__Data for analysis__.
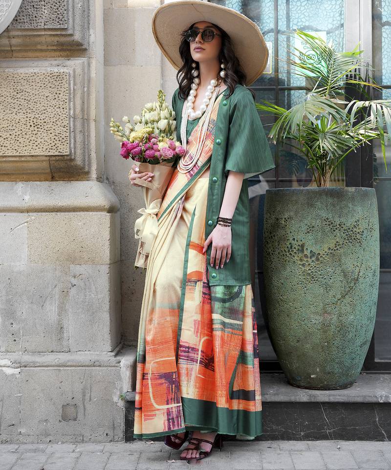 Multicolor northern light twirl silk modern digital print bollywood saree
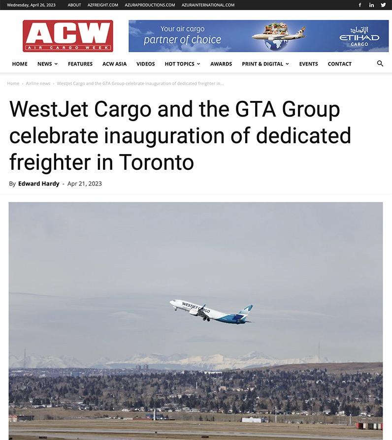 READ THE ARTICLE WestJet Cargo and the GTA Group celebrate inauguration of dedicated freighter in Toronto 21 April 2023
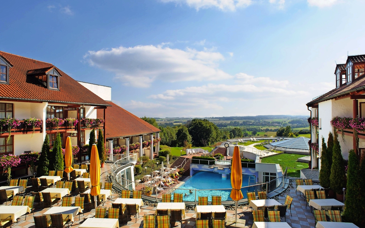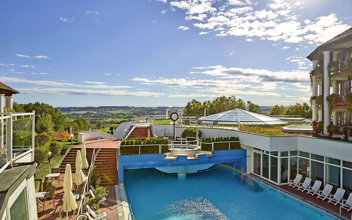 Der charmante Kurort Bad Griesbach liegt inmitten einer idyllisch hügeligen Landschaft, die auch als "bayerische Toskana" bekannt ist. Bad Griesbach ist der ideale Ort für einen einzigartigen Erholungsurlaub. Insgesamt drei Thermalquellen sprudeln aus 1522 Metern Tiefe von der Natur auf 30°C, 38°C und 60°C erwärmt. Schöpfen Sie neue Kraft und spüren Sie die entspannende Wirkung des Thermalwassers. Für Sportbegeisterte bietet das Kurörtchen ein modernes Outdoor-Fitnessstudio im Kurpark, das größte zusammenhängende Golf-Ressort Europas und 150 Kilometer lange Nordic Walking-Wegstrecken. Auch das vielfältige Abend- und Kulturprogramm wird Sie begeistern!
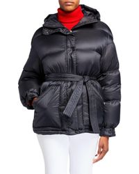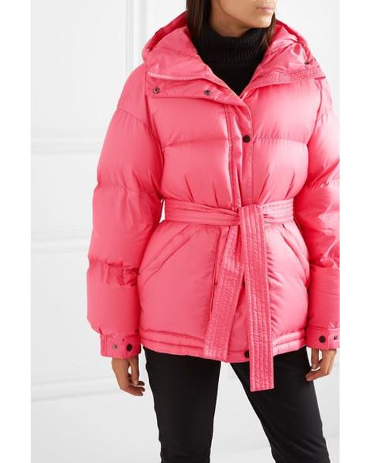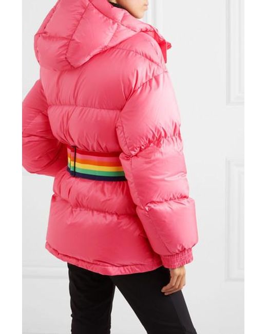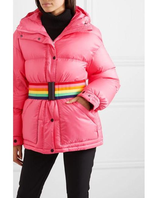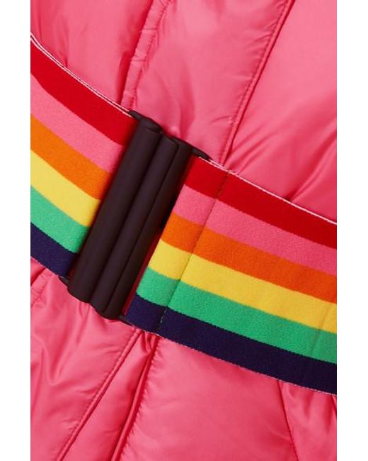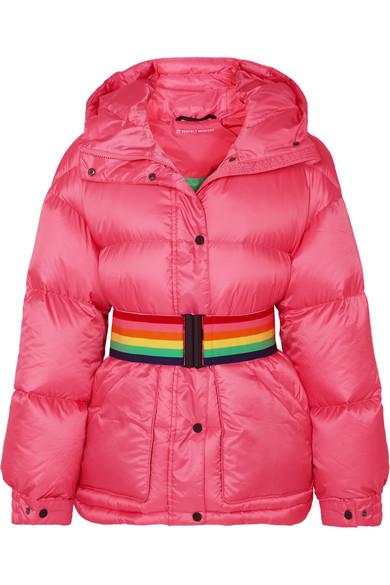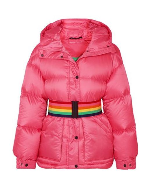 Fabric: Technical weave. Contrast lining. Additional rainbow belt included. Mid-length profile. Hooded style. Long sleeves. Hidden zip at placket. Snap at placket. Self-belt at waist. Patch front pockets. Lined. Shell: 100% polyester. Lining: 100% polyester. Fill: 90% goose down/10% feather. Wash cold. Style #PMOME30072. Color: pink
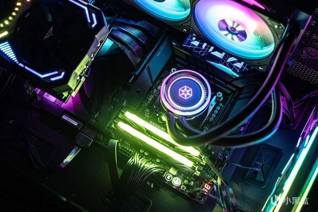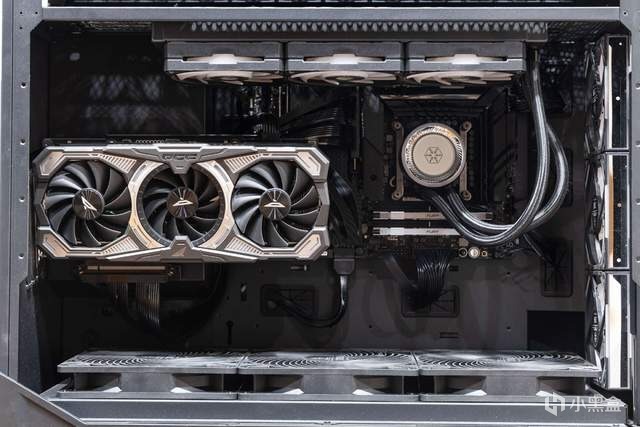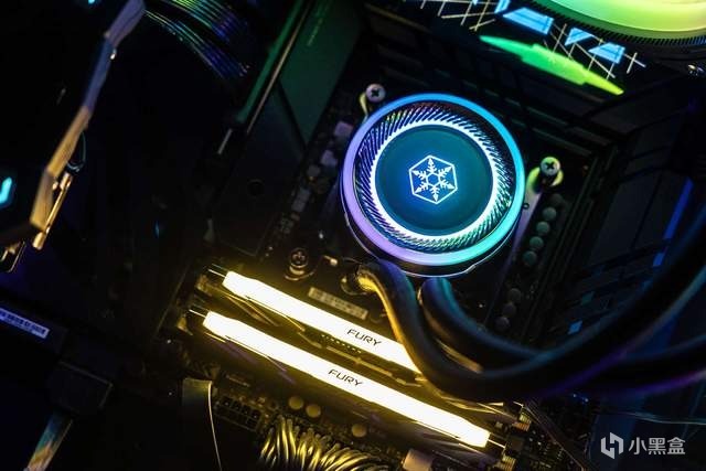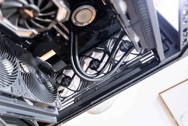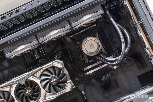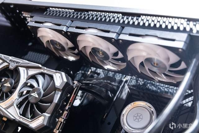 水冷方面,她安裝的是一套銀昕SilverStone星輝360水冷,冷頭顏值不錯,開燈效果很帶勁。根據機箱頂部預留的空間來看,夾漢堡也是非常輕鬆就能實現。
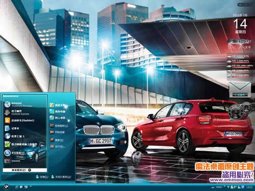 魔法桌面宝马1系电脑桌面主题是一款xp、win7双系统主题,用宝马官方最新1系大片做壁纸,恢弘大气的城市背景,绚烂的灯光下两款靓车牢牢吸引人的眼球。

__Work to complete__. Produce an exact copy of the lines from the line containing "READ THE ARTICLE" to the end of the material, both ends included, and omit every picture.

__Your response__.
 READ THE ARTICLE WestJet Cargo and the GTA Group celebrate inauguration of dedicated freighter in Toronto 21 April 2023
 Der charmante Kurort Bad Griesbach liegt inmitten einer idyllisch hügeligen Landschaft, die auch als "bayerische Toskana" bekannt ist. Bad Griesbach ist der ideale Ort für einen einzigartigen Erholungsurlaub. Insgesamt drei Thermalquellen sprudeln aus 1522 Metern Tiefe von der Natur auf 30°C, 38°C und 60°C erwärmt. Schöpfen Sie neue Kraft und spüren Sie die entspannende Wirkung des Thermalwassers. Für Sportbegeisterte bietet das Kurörtchen ein modernes Outdoor-Fitnessstudio im Kurpark, das größte zusammenhängende Golf-Ressort Europas und 150 Kilometer lange Nordic Walking-Wegstrecken. Auch das vielfältige Abend- und Kulturprogramm wird Sie begeistern!
 Fabric: Technical weave. Contrast lining. Additional rainbow belt included. Mid-length profile. Hooded style. Long sleeves. Hidden zip at placket. Snap at placket. Self-belt at waist. Patch front pockets. Lined. Shell: 100% polyester. Lining: 100% polyester. Fill: 90% goose down/10% feather. Wash cold. Style #PMOME30072. Color: pink
 水冷方面,她安裝的是一套銀昕SilverStone星輝360水冷,冷頭顏值不錯,開燈效果很帶勁。根據機箱頂部預留的空間來看,夾漢堡也是非常輕鬆就能實現。
 魔法桌面宝马1系电脑桌面主题是一款xp、win7双系统主题,用宝马官方最新1系大片做壁纸,恢弘大气的城市背景,绚烂的灯光下两款靓车牢牢吸引人的眼球。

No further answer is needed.